**Collected data:**

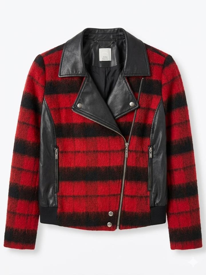 🖤 Яркая байкерская куртка: Теплая шерсть и дерзкий дизайн! ❤️M
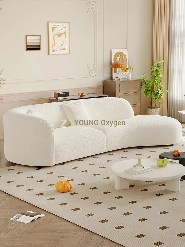 French Cream Curved Cashew Fabric Sofa - Perfect for Small Apartments! Luxurious Lamb Fleece Moon-Shaped Design for a Cozy Living Room Experience.
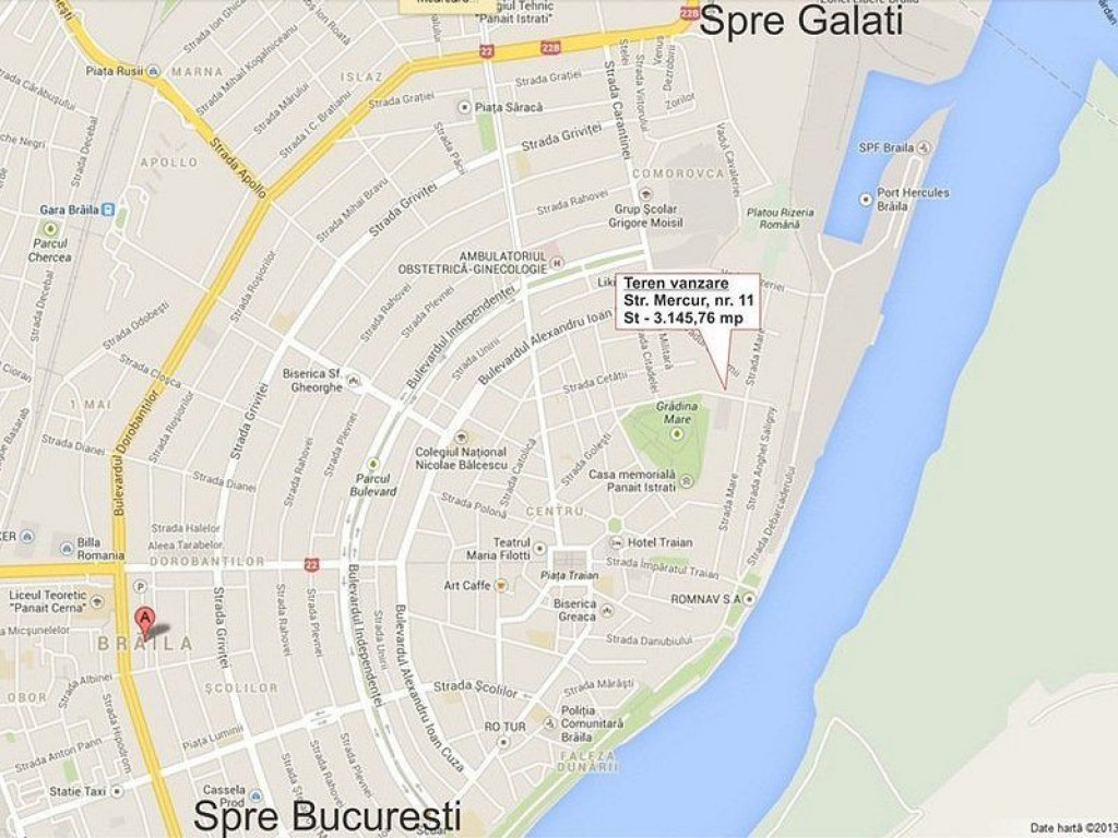 Teren intravilan Strada Mercur, nr. 11, in spatele Gradinii publice, zona centrala Suprafata - 3.145 mp Deschidere - 35 ml la str. Mare si 81.65 ml la Vadul Belvedere

**What is being asked:**
Your copy should hold exactly the lines from the line bearing "French Cream Curved" through the end of the data, both included, and no pictures or anything further.

**Solution:**
 French Cream Curved Cashew Fabric Sofa - Perfect for Small Apartments! Luxurious Lamb Fleece Moon-Shaped Design for a Cozy Living Room Experience.
 Teren intravilan Strada Mercur, nr. 11, in spatele Gradinii publice, zona centrala Suprafata - 3.145 mp Deschidere - 35 ml la str. Mare si 81.65 ml la Vadul Belvedere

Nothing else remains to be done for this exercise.